━━ Data to process ━━

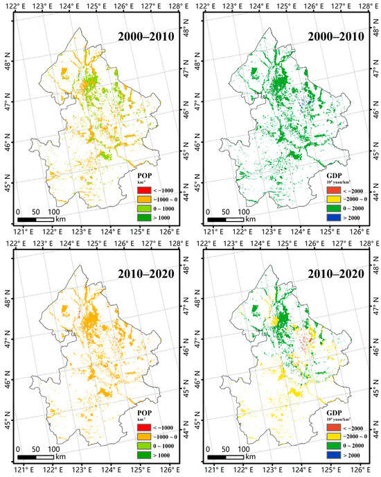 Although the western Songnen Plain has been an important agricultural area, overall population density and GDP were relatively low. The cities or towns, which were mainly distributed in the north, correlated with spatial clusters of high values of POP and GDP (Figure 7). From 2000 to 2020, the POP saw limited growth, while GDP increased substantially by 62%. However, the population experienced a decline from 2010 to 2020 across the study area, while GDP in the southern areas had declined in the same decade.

━━━
━━ Data to process ━━

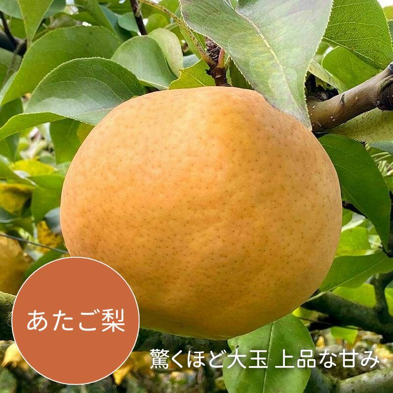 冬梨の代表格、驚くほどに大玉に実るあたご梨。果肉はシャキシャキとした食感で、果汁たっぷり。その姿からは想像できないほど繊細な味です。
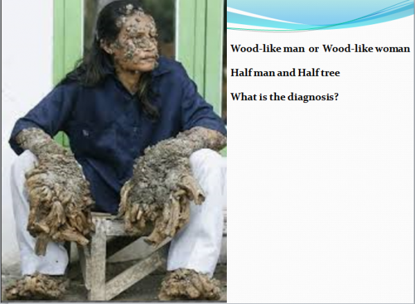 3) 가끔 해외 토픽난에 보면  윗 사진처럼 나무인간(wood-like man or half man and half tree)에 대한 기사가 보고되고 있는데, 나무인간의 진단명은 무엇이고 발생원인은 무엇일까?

━━━

• Required action: Would you output only the span of the records above that opens with the line containing "冬梨の代表格、驚くほどに大玉" and closes with the line containing "3) 가끔 해외 토픽난에", ends included and pictures dropped?

• Exercise response:
 冬梨の代表格、驚くほどに大玉に実るあたご梨。果肉はシャキシャキとした食感で、果汁たっぷり。その姿からは想像できないほど繊細な味です。
 3) 가끔 해외 토픽난에 보면  윗 사진처럼 나무인간(wood-like man or half man and half tree)에 대한 기사가 보고되고 있는데, 나무인간의 진단명은 무엇이고 발생원인은 무엇일까?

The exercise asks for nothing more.